EXERCISE PROMPT -
Please repeat the listing below exactly, but do not include its pictures.
GIVEN MATERIAL Start Marker
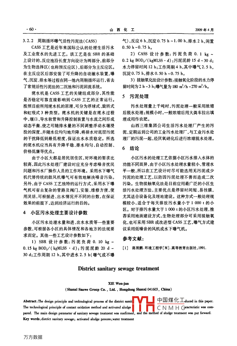 第29卷第2期山西化工Vol.29 No.22009年4月SHANXI CHEMICAL INDUSTRYApr.20092環(huán)境保護(hù)小區(qū)生活污水處理解文軍(山西三維集團(tuán)股份有限公司,山西洪洞 041603)摘要:介紹了小區(qū)生活污水處理廠的設(shè)計(jì)原則和工藝流程,分析了接觸氧化法和活性污泥法的工藝原理,比較了SBR和CASS各自的特點(diǎn),確定了小區(qū)生活污水處理的主要設(shè)計(jì)參數(shù),提出了污泥處理方法。關(guān)鍵詞:小區(qū)生活污水;活性污泥法;水處理中圖分類號:X703文獻(xiàn)標(biāo)識碼:A 文章 編號:1004-7050( 2009)02-0058-03筑環(huán)境相協(xié)調(diào),力求美觀。引言3)在污水處理工藝上力求簡單實(shí)用,以方便小區(qū)污水不同于城市污水,城市污水通常包括管理。部分工業(yè)廢水,而小區(qū)污水則屬于生活污水范疇。4)在高程布置上應(yīng)盡量采用立體布局,充分利其特征為水質(zhì)水量變化較大,污染物濃度偏低(即用地下空間;平面布置上要緊湊,以節(jié)省用地。比城市污水低),污水可生化性良好,處理難度小。5)污水處理廠位置應(yīng)盡可能位于小區(qū)下風(fēng)向,小區(qū)污水處理系統(tǒng)的處理能力,各國并無統(tǒng)-一與其他建筑物保持- -定距離 ,以減少對環(huán)境的影響。的限定。前蘇聯(lián)曾建議單個(gè)構(gòu)筑物的處理能力不宜6)處理裝置設(shè)備化、定型化、模塊化,施工安裝超過1 400 m'/d,美國則把小區(qū)污水處理廠的處理能方便,運(yùn)行簡易,設(shè)備性能穩(wěn)定,適合分期建設(shè)。力限定在<3 785 m'/d。 根據(jù)我國現(xiàn)狀,建議把7)處理程度高,污泥產(chǎn)量少,并盡可能采用節(jié)≤4 000 m/d的污水處理廠定義為小區(qū)污水處理廠。能處理技術(shù)。8)處理構(gòu)筑物對水力負(fù)荷和有機(jī)物負(fù)荷的適1小區(qū)污水處理廠 設(shè)計(jì)原則"應(yīng)范圍較大,使系統(tǒng)有較好的抗沖擊負(fù)荷能力。1)出水要求和處理程度。-般來說,不同小區(qū)9)由于小區(qū)內(nèi)的人口是逐漸增加的,因此小區(qū)對出水要求的差異較大,應(yīng)根據(jù)我國《地面環(huán)境質(zhì)污水處理廠應(yīng)將可預(yù)期的發(fā)展規(guī)劃作為流量設(shè)計(jì)的量標(biāo)準(zhǔn)》( GB 3838-88)和《污水綜合排放標(biāo)準(zhǔn)》( CB基礎(chǔ)。根據(jù)我國情況,可考慮采用20年的設(shè)計(jì)周期。8978-96) 的有關(guān)規(guī)定和當(dāng)?shù)丨h(huán)保部門的要求確定處2小區(qū)污水處理工藝?yán)沓潭?以確保出水水質(zhì)。如果出水采用土地處理法處理,則應(yīng)符合土地處理法的要求。根據(jù)小區(qū)廢水處理的原則,應(yīng)選擇處理效果穩(wěn)2)污水處理設(shè)施的設(shè)計(jì)和建設(shè)必須結(jié)合小區(qū)定產(chǎn)泥少且節(jié)能的廢水處理方法。小區(qū)處理系統(tǒng)的整體規(guī)劃和建筑特點(diǎn),即外觀設(shè)計(jì)上要與小區(qū)建中的各類建筑物一般均建有化糞池,所以化糞池應(yīng)與污水處理相結(jié)合。幾種常用的處理工藝如下:>提升泵一 +收稿日期:2008-12-11中國煤化工作者簡介:解文軍,男,1973年出生,1996年畢業(yè)于山西經(jīng)濟(jì)學(xué)院,現(xiàn)接觸CNMHG-→提升泵一.主要從事環(huán)境保護(hù)工作。TYH2009年4月解文軍,小區(qū)生活污水的處理●59.曝氣池一→沉淀池一→出水情況考核和單機(jī)處理水量有限的不足之處。該法一3)污水一→格柵- +調(diào)節(jié)池一→提升泵一 +般用于處理1 100 m'/d以下的小區(qū)污水。SBR池或CASS池一→出水3.2活性污泥法4)污水一+格柵一 →調(diào)節(jié)池一+提升泵一 +SBR和CASS均為活性污泥法。廢水經(jīng)過一段混凝沉淀一過濾一 +出水( 物化方法)時(shí)間的曝氣后,水中會(huì)產(chǎn)生- -種褐色絮凝體,這就是回用工藝流程:生物處理出水再經(jīng)混凝過濾和活性污泥。它以大量的活性微生物為主體,主要由消毒。細(xì)菌、真菌原生動(dòng)物和后生動(dòng)物所組成。此外,還在流程開始時(shí)一般要考慮設(shè)置調(diào)節(jié)池,這是因有一些無機(jī)物、未被微生物分解的有機(jī)物和微生物為小區(qū)污水處理廠在水質(zhì)和水量上的變化都比城市自身代謝的殘留物。活性污泥結(jié)構(gòu)疏松,比表面積污水處理廠大。調(diào)節(jié)池一般設(shè)在格柵以后。物化和很大,對有機(jī)污染物有很強(qiáng)的吸附凝聚和氧化分解生化處理是去除污染物的核心部分。能力?;钚晕勰嗳コ杏袡C(jī)物,主要經(jīng)歷3個(gè)山西三維集團(tuán)公司的處理流程與第1種大致一階段:樣,即,污水一+格柵一 +集水井一 →提升泵一 →調(diào)第1階段:吸附階段。絮狀的活性污泥表面積節(jié)及水解酸化池一+提升泵一 +接觸氧化池一 +沉很大,表面具有多糖類黏液層,污水與活性污泥接觸淀池一+出水。后,水中懸浮的膠體物質(zhì)經(jīng)絮凝和吸附迅速去除,水中有機(jī)物濃度( BOD)也迅速降低。3小區(qū)污水處理方法第2階段:氧化階段。在有氧的條件下,微生物3.1接觸氧化法將吸附的有機(jī)物一部分氧化分解獲得能量,另一部廢水均勻地淋灑在介質(zhì)表層上,在充分供氧的分則合成新的細(xì)胞。條件下,接種的或原存在于廢水中的微生物就在介第3階段:絮凝體形成與凝聚沉降階段。經(jīng)過質(zhì)表面增殖。這些微生物吸附廢水中的有機(jī)物,并微生物對有機(
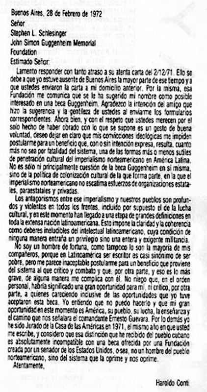 A raíz del compromiso político y cultural que asumió en esa época, en 1972 Haroldo Conti rechazó la beca Guggenheim:
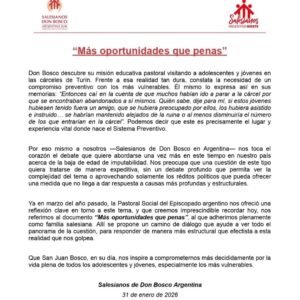 En un comunicado difundido este viernes, los Salesianos advirtieron que el debate no puede reducirse a una respuesta rápida con tinte punitivo y recordaron el documento “Más oportunidades que penas”, donde se plantea que sin educación, acompañamiento y políticas preventivas, el problema se repite.
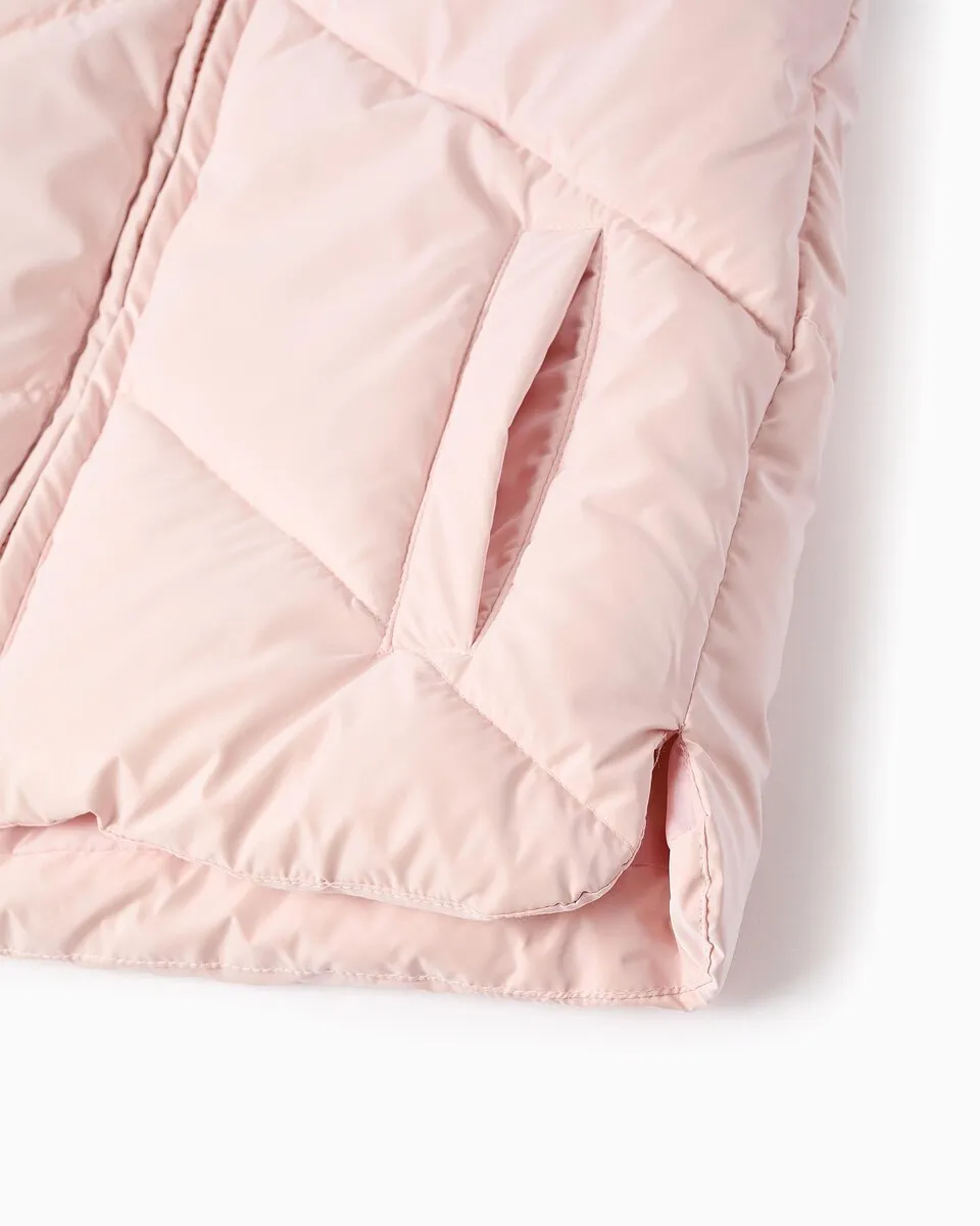 Стеганый жилет для девочки с капюшоном Zippy, светло-розовый
GIVEN MATERIAL End Marker
RESULT -
 第29卷第2期山西化工Vol.29 No.22009年4月SHANXI CHEMICAL INDUSTRYApr.20092環(huán)境保護(hù)小區(qū)生活污水處理解文軍(山西三維集團(tuán)股份有限公司,山西洪洞 041603)摘要:介紹了小區(qū)生活污水處理廠的設(shè)計(jì)原則和工藝流程,分析了接觸氧化法和活性污泥法的工藝原理,比較了SBR和CASS各自的特點(diǎn),確定了小區(qū)生活污水處理的主要設(shè)計(jì)參數(shù),提出了污泥處理方法。關(guān)鍵詞:小區(qū)生活污水;活性污泥法;水處理中圖分類號:X703文獻(xiàn)標(biāo)識碼:A 文章 編號:1004-7050( 2009)02-0058-03筑環(huán)境相協(xié)調(diào),力求美觀。引言3)在污水處理工藝上力求簡單實(shí)用,以方便小區(qū)污水不同于城市污水,城市污水通常包括管理。部分工業(yè)廢水,而小區(qū)污水則屬于生活污水范疇。4)在高程布置上應(yīng)盡量采用立體布局,充分利其特征為水質(zhì)水量變化較大,污染物濃度偏低(即用地下空間;平面布置上要緊湊,以節(jié)省用地。比城市污水低),污水可生化性良好,處理難度小。5)污水處理廠位置應(yīng)盡可能位于小區(qū)下風(fēng)向,小區(qū)污水處理系統(tǒng)的處理能力,各國并無統(tǒng)-一與其他建筑物保持- -定距離 ,以減少對環(huán)境的影響。的限定。前蘇聯(lián)曾建議單個(gè)構(gòu)筑物的處理能力不宜6)處理裝置設(shè)備化、定型化、模塊化,施工安裝超過1 400 m'/d,美國則把小區(qū)污水處理廠的處理能方便,運(yùn)行簡易,設(shè)備性能穩(wěn)定,適合分期建設(shè)。力限定在<3 785 m'/d。 根據(jù)我國現(xiàn)狀,建議把7)處理程度高,污泥產(chǎn)量少,并盡可能采用節(jié)≤4 000 m/d的污水處理廠定義為小區(qū)污水處理廠。能處理技術(shù)。8)處理構(gòu)筑物對水力負(fù)荷和有機(jī)物負(fù)荷的適1小區(qū)污水處理廠 設(shè)計(jì)原則"應(yīng)范圍較大,使系統(tǒng)有較好的抗沖擊負(fù)荷能力。1)出水要求和處理程度。-般來說,不同小區(qū)9)由于小區(qū)內(nèi)的人口是逐漸增加的,因此小區(qū)對出水要求的差異較大,應(yīng)根據(jù)我國《地面環(huán)境質(zhì)污水處理廠應(yīng)將可預(yù)期的發(fā)展規(guī)劃作為流量設(shè)計(jì)的量標(biāo)準(zhǔn)》( GB 3838-88)和《污水綜合排放標(biāo)準(zhǔn)》( CB基礎(chǔ)。根據(jù)我國情況,可考慮采用20年的設(shè)計(jì)周期。8978-96) 的有關(guān)規(guī)定和當(dāng)?shù)丨h(huán)保部門的要求確定處2小區(qū)污水處理工藝?yán)沓潭?以確保出水水質(zhì)。如果出水采用土地處理法處理,則應(yīng)符合土地處理法的要求。根據(jù)小區(qū)廢水處理的原則,應(yīng)選擇處理效果穩(wěn)2)污水處理設(shè)施的設(shè)計(jì)和建設(shè)必須結(jié)合小區(qū)定產(chǎn)泥少且節(jié)能的廢水處理方法。小區(qū)處理系統(tǒng)的整體規(guī)劃和建筑特點(diǎn),即外觀設(shè)計(jì)上要與小區(qū)建中的各類建筑物一般均建有化糞池,所以化糞池應(yīng)與污水處理相結(jié)合。幾種常用的處理工藝如下:>提升泵一 +收稿日期:2008-12-11中國煤化工作者簡介:解文軍,男,1973年出生,1996年畢業(yè)于山西經(jīng)濟(jì)學(xué)院,現(xiàn)接觸CNMHG-→提升泵一.主要從事環(huán)境保護(hù)工作。TYH2009年4月解文軍,小區(qū)生活污水的處理●59.曝氣池一→沉淀池一→出水情況考核和單機(jī)處理水量有限的不足之處。該法一3)污水一→格柵- +調(diào)節(jié)池一→提升泵一 +般用于處理1 100 m'/d以下的小區(qū)污水。SBR池或CASS池一→出水3.2活性污泥法4)污水一+格柵一 →調(diào)節(jié)池一+提升泵一 +SBR和CASS均為活性污泥法。廢水經(jīng)過一段混凝沉淀一過濾一 +出水( 物化方法)時(shí)間的曝氣后,水中會(huì)產(chǎn)生- -種褐色絮凝體,這就是回用工藝流程:生物處理出水再經(jīng)混凝過濾和活性污泥。它以大量的活性微生物為主體,主要由消毒。細(xì)菌、真菌原生動(dòng)物和后生動(dòng)物所組成。此外,還在流程開始時(shí)一般要考慮設(shè)置調(diào)節(jié)池,這是因有一些無機(jī)物、未被微生物分解的有機(jī)物和微生物為小區(qū)污水處理廠在水質(zhì)和水量上的變化都比城市自身代謝的殘留物。活性污泥結(jié)構(gòu)疏松,比表面積污水處理廠大。調(diào)節(jié)池一般設(shè)在格柵以后。物化和很大,對有機(jī)污染物有很強(qiáng)的吸附凝聚和氧化分解生化處理是去除污染物的核心部分。能力?;钚晕勰嗳コ杏袡C(jī)物,主要經(jīng)歷3個(gè)山西三維集團(tuán)公司的處理流程與第1種大致一階段:樣,即,污水一+格柵一 +集水井一 →提升泵一 →調(diào)第1階段:吸附階段。絮狀的活性污泥表面積節(jié)及水解酸化池一+提升泵一 +接觸氧化池一 +沉很大,表面具有多糖類黏液層,污水與活性污泥接觸淀池一+出水。后,水中懸浮的膠體物質(zhì)經(jīng)絮凝和吸附迅速去除,水中有機(jī)物濃度( BOD)也迅速降低。3小區(qū)污水處理方法第2階段:氧化階段。在有氧的條件下,微生物3.1接觸氧化法將吸附的有機(jī)物一部分氧化分解獲得能量,另一部廢水均勻地淋灑在介質(zhì)表層上,在充分供氧的分則合成新的細(xì)胞。條件下,接種的或原存在于廢水中的微生物就在介第3階段:絮凝體形成與凝聚沉降階段。經(jīng)過質(zhì)表面增殖。這些微生物吸附廢水中的有機(jī)物,并微生物對有機(
 A raíz del compromiso político y cultural que asumió en esa época, en 1972 Haroldo Conti rechazó la beca Guggenheim:
 En un comunicado difundido este viernes, los Salesianos advirtieron que el debate no puede reducirse a una respuesta rápida con tinte punitivo y recordaron el documento “Más oportunidades que penas”, donde se plantea que sin educación, acompañamiento y políticas preventivas, el problema se repite.
 Стеганый жилет для девочки с капюшоном Zippy, светло-розовый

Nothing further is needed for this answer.